Geron finally brings a drug to market as FDA clears Rytelo

Geron chief executive John Scarlett

Geron chief executive John Scarlett

More than 30 years after it was first founded, Geron has claimed FDA approval for its first product – myelodysplastic syndromes (MDS) treatment Rytelo.

The US regulator has cleared Rytelo (imetelstat) for adults with lower-risk MDS who have transfusion-dependent anaemia and have stopped responding to or cannot be treated with erythropoiesis-stimulating agents (ESAs) like erythropoietin (EPO).

Despite its name, lower-risk MDS is a serious group of bone marrow cancers causing anaemia and increased risk of bleeding and infections, with patients often needing blood transfusions for hours a week. It can also cause organ dysfunction and cardiovascular complications, while the high number of transfusions can expose patients to adverse reactions from donor blood.

In another milestone, Rytelo has also become the first drug in the telomerase inhibitor class to be approved anywhere in the world.

Telomerase has been on the radar of the pharma industry for decades, as it is overexpressed in up to 90% of cancers and almost zero in healthy cells. It has, however, proved to be an elusive target, with many developmental candidates scuppered by toxicity problems.
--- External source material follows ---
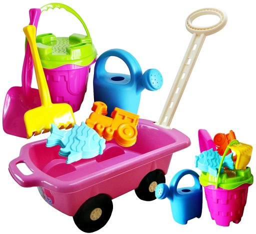 - Wózek z rączką, który znajdzie zastosowanie w zabawach w ogrodzie, piaskownicy, plaży i w domu.

Its discoverers won a Nobel Prize in 2009.

The green light comes on the back of the placebo-controlled IMerge trial, which showed that Rytelo – an oligonucleotide given as an intravenous infusion in 28-day treatment cycles – significantly improved the proportion of patients who had no need for blood transfusions over a consecutive eight-week or longer period to around 40%, compared to 15% with a matched placebo.

The study – which followed patients for a median of 20 months – also showed increases in haemoglobin levels and a reduction in overall transfusion burden compared to placebo. The most common serious side effects were thrombocytopenia and neutropenia, which Geron maintains are “generally manageable and short-lived.”

ESAs have provided limited benefit in controlling anaemia in MDS patients, with only one in three patients responding to them, typically with a duration of between six and 18 months.

“With the approval and availability of Rytelo, we believe eligible patients with lower-risk MDS can potentially experience meaningful clinical benefit, particularly the potential for greater than 24 weeks of freedom from the burden of red blood cell transfusions and symptomatic anaemia,” said John Scarlett, the Foster City, California-based company’s chief executive.

Geron is also testing the drug for myelofibrosis (MF), another form of bone marrow cancer, and expects data from the phase 3 IMpactMF trial of imetelstat in relapsed/refractory MF in 2026, a delay from its original target of 2024, due to lower-than-expected enrolment and mortality rates. The company reckons the drug could bring in $1.2 billion at its peak.

A key differentiator for Rytelo is that it can be used to treat patients with or without ring sideroblasts – blood cells with a characteristic circle of iron deposits around their nucleus.

Bristol-Myers Squibb’s rival therapy Reblozyl (luspatercept) has been approved since 2020 for MDS in patients previously treated with or intolerant to ESAs, but in those with sideroblasts only. However, Reblozyl had its indications extended by the FDA last year to include first-line therapy for lower-risk MDS with and without sideroblasts, which BMS said was the key to unlocking $4 billion in peak sales potential.